I grew up in the 70s and 80s. I was left to my own devices a lot of the time. In some ways it was good -we my sister and I had a close group of neighbourhood friends with whom we liked to play old fashioned street games. (You could, then, you hardly saw a car in the road during the day.). But in other ways it wasn't - I realised that my mum didn't really enjoy spending time with us, she didn't have the patience for it, and preferred to chat to the other mums in the neighbourhood when she wasn't doing housework. (Didn't do my self-esteem much good, although I knew she loved me.) Because of this we didn't actually know much about life, because we didn't absorb her knowledge about the world just by spending time with her doing ordinary things. There were a few dodgy occasions where paedo types lingered too long and close to the local kids and we didn't know what to do about it. We weren't equipped with the skills, despite all our parents assuming we were street-wise because spent all our time playing out by ourselves. We witnessed dodgy behavior by older teenaged boys at an early age eg drinking and smoking. Some of my friends had a try of this stuff when offered.
My dad came in from work and just wanted to read the paper in peace. He wasn't really involved in our life that much or interested in what we had to say, beyond things like teaching us how to ride a bike or attending parents evening.
All that means that I wanted to spend much more time with my own children and be closer to them. And we are a close-knit family. Their general knowledge is really good because they've always spent a lot of time with us and have learned a lot about the world from us just talking with them, and they aren't afraid to ask questions because they won't be told "because it just is", or "because I say so" like I was (don't think my mum could be bothered with long explanations).
I remember on a couple of occasions being put upstairs in a strange bed in a strange house at a party. I didn't sleep a wink, it was very unsettling. I didn't know what was happening or why I was there and when I would be taken home and everything smelled different. I remember the noise of people getting pissed downstairs and finding it quite frightening.
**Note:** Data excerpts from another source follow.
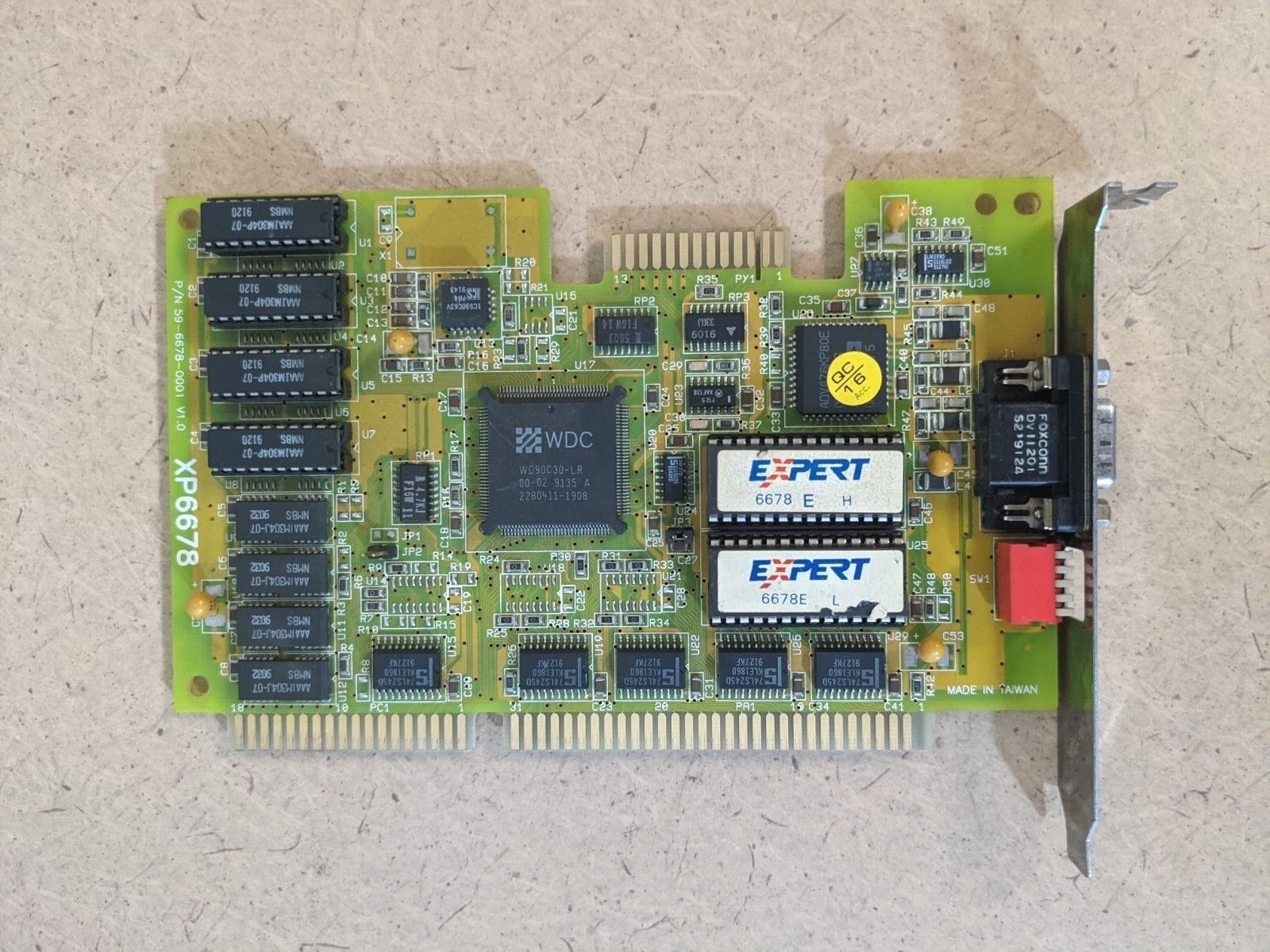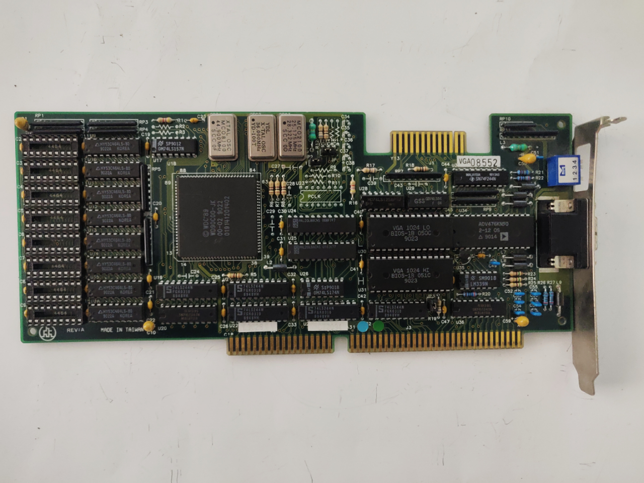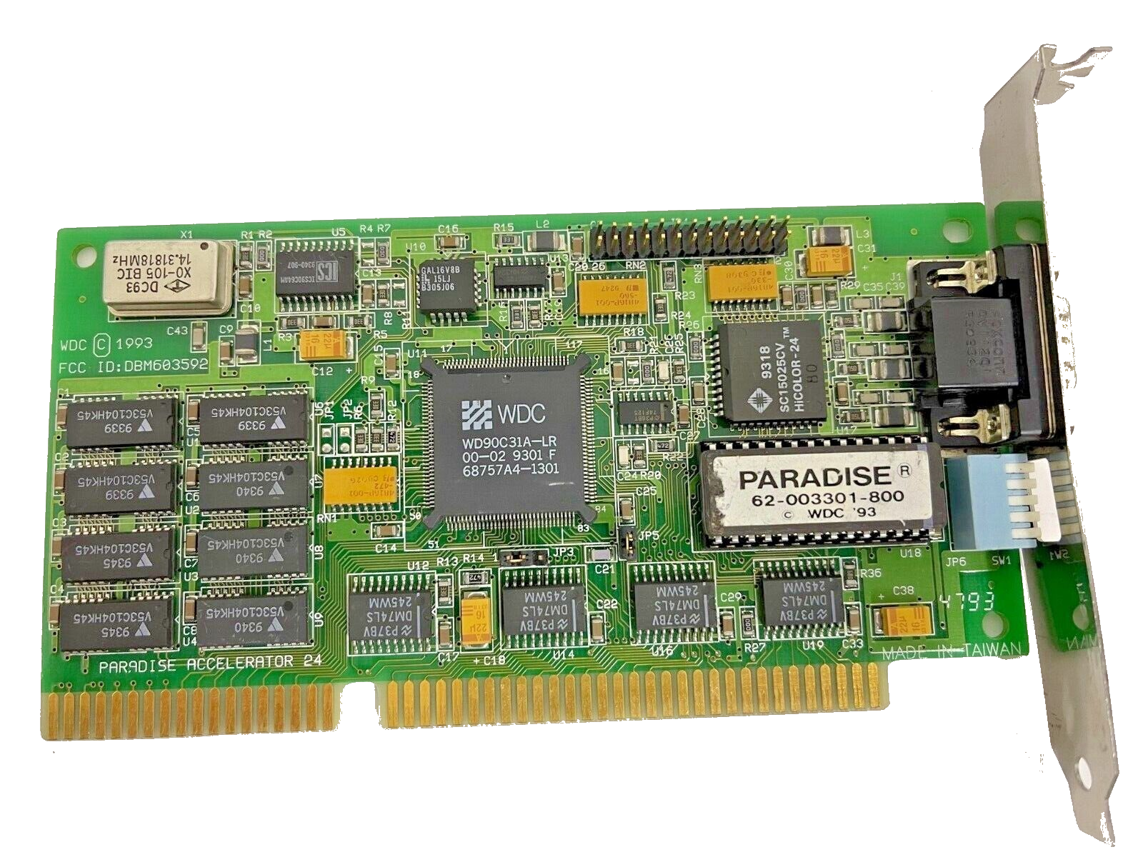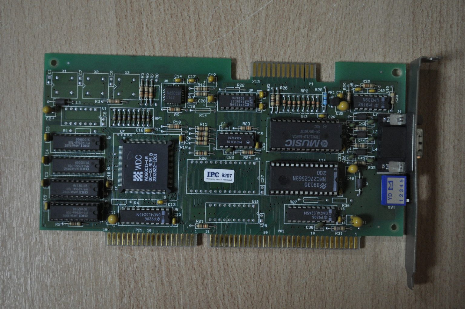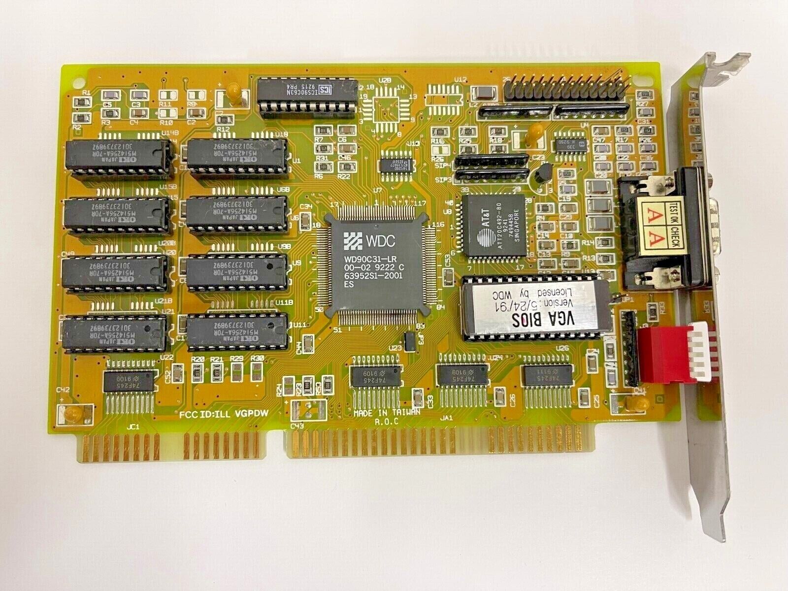 An "Enhanced VGA controller" from Western Digital - the WD90C11-LR chipset. The WD90C11 used a 1.25 micron process, and WD90C11A used the later 0.9 micron process for manufacture. Highlights of the chipset include: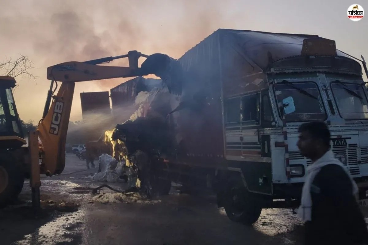 नागौर। सोमवार शाम नागौर-लाडनूं राष्ट्रीय राजमार्ग पर डेह बायपास के पास उस वक्त अफरा-तफरी मच गई जब रुई से भरे एक कंटेनर में अचानक आग भड़क उठी। देखते ही देखते आग पूरे कंटेनर में फैल गई और मौके पर धुएं का गुबार छा गया। आग बुझाने के लिए कंटेनर को जेसीबी से तोड़ना पड़ा। हालांकि चालक की सूझबूझ से बड़ा हादसा टल गया और कोई जनहानि नहीं हुई।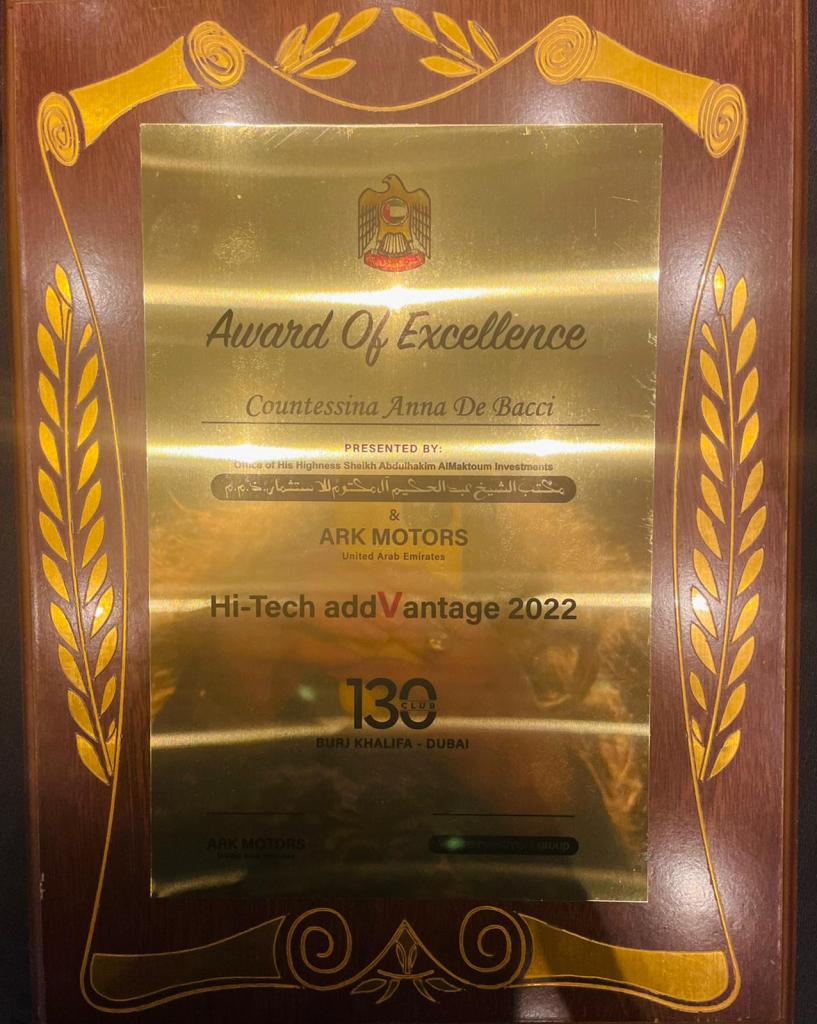 Countessina Anna received an Award of Excellence from the Office of His Highness Sheikh Abdulhakim Almaktoum Investments and ARK Motors.

So think on, OP, if you think you plan to do things like this. Some kids are sensitive souls and taking them here there and everywhere doesn't harden them up, it just makes them feel insecure.
My kids don't really play out in the street because there are too many cars so there literally isn't the space. There are a few kids that do but these tend to be the naughty kids really and the ones from families who don't really care what they're up to, and their kids don't seem to have many social skills and make a nuisance of themselves constantly knocking when we're having our tea or wanting to do something just as a family. (I'm not saying everyone who sends their kids out to play is neglectful; just that that's what it seems like round our way.)
My kids are older now - 10 and 12, and you know what, they are very pleasant to spend time with. Their general knowledge is great because since small they've spent a lot of time with us and we've enjoyed being able to explain things fully to them when they've asked a question. We haven't fobbed them off with a "I'm busy, I'll tell you later" if I'm reading the paper etc. (But they have been made to wait if I'm in the middle of speaking to a friend, they do need to learn manners!)
One of the saddest things I saw was at a restaurant pre-kids. DH and o observed a girl of about 8 or 9 being ignored by what looked like her mum and friend who were deep in conversation the WHOLE meal through. This poor girl - her face looked so sad each time she was told to get on with her drawing or whatever. She clearly was bottom of the pack in terms of importance, and this is what she will come to believe. Terrible for her self-esteem poor kid. I always wonder how she grew up.
I really think British families need to be a bit more like European cultures when it comes to including children in the family - they are PART of the family and everyone is included. Mealtimes are a family occasion. I do think there is a bit of old-fashioned "children should be seen and not heard" in your post, OP. It's quite an out-dated attitude to put your children's needs last. There is no reason to fawn over and mollycoddle children to the dentriment of good manners and social niceties - a happy medium can exist.